The devil, of course, is in the details. In the 2.5.67 kernel, there are almost 52,000 details (in the form of printk() statements). It is hard to imagine anybody having the patience to go through and assign unique message numbers to each of those statement. It's even harder to conceive of anybody being willing to translate that many messages into even a single other language. They do not make the most exciting reading material, especially since all the really good profanity is restricted to code comments. There are very few prospective translators with an itch that requires scratching that strongly.

Now try to imagine that whole structure of message numbers and translations surviving past more than about two minor kernel releases. Each new message would require a new number; just administering the number space would take quite a bit of somebody's time. Translations would have to keep up with changes to messages. Bear in mind that the 2.5.67 patch, alone, affected 824 printk() statements. 2.4.20, amazingly, affected more than 6,000. This system would be entirely unmaintainable.
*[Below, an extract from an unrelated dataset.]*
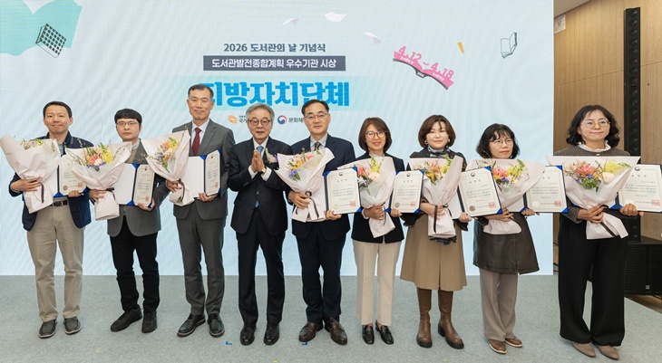 지난 10일 제4회 도서관의 날 기념식에서 제주도 한라도서관 등 지방자치단체 우수 기관 수상자들이 기념사진을 찍고 있다. 제주도 제공

So in-kernel support for internationalization is unlikely in any form. Whether it can be done entirely externally is another question; Linus suggests trying to translate the messages directly from text. That, probably, is a way of saying that it will not happen at all. But one never knows...


to post comments

Time to internationalize the kernel?

Posted Apr 17, 2003 5:10 UTC (Thu) by komarek (guest, #7295) [Link] (2 responses)

Seems like Linus' suggestion works just fine, using AltaVista's Babblefish: Grain de tux janv. 26 de 22:28:01: Syslogd 1,4,1: relancement. Grain de tux janv. 26 de 22:28:03: klogd 1,4,1, = de source de notation/proc/kmsg commencé. Grain de tux janv. 26 de 22:28:03: l'inspection/boot/System.map-2.4.19-gentoo-r10 Grain de tux janv. 26 de 22:28:03: Chargé 17634 de symboles/boot/System.map-2.4.19-gentoo-r10. Grain de tux janv. 26 de 22:28:03: Version 2,4,19 de grain d'allumette de symboles. Grain de tux janv. 26 de 22:28:03: Chargé 205 symboles de 12 modules. Okay, I'll admit I had to massage some of that by hand. But it sure looks like perfect French to me. Well, perfect French for a Monty Python sketch. Here's an interesting translation. Anyone care to guess which kernel message produced it?
  Module de gestion de périphérique inscrit de bloc chargé
I have this sad picture in my head of a young French sysadmin, who hated English classes au lycee, trying to debug system problems by running syslog output through Babblefish. -Paul Komarek

Time to internationalize the kernel?

Posted Apr 24, 2003 9:35 UTC (Thu) by durandal (guest, #10860) [Link] (1 responses)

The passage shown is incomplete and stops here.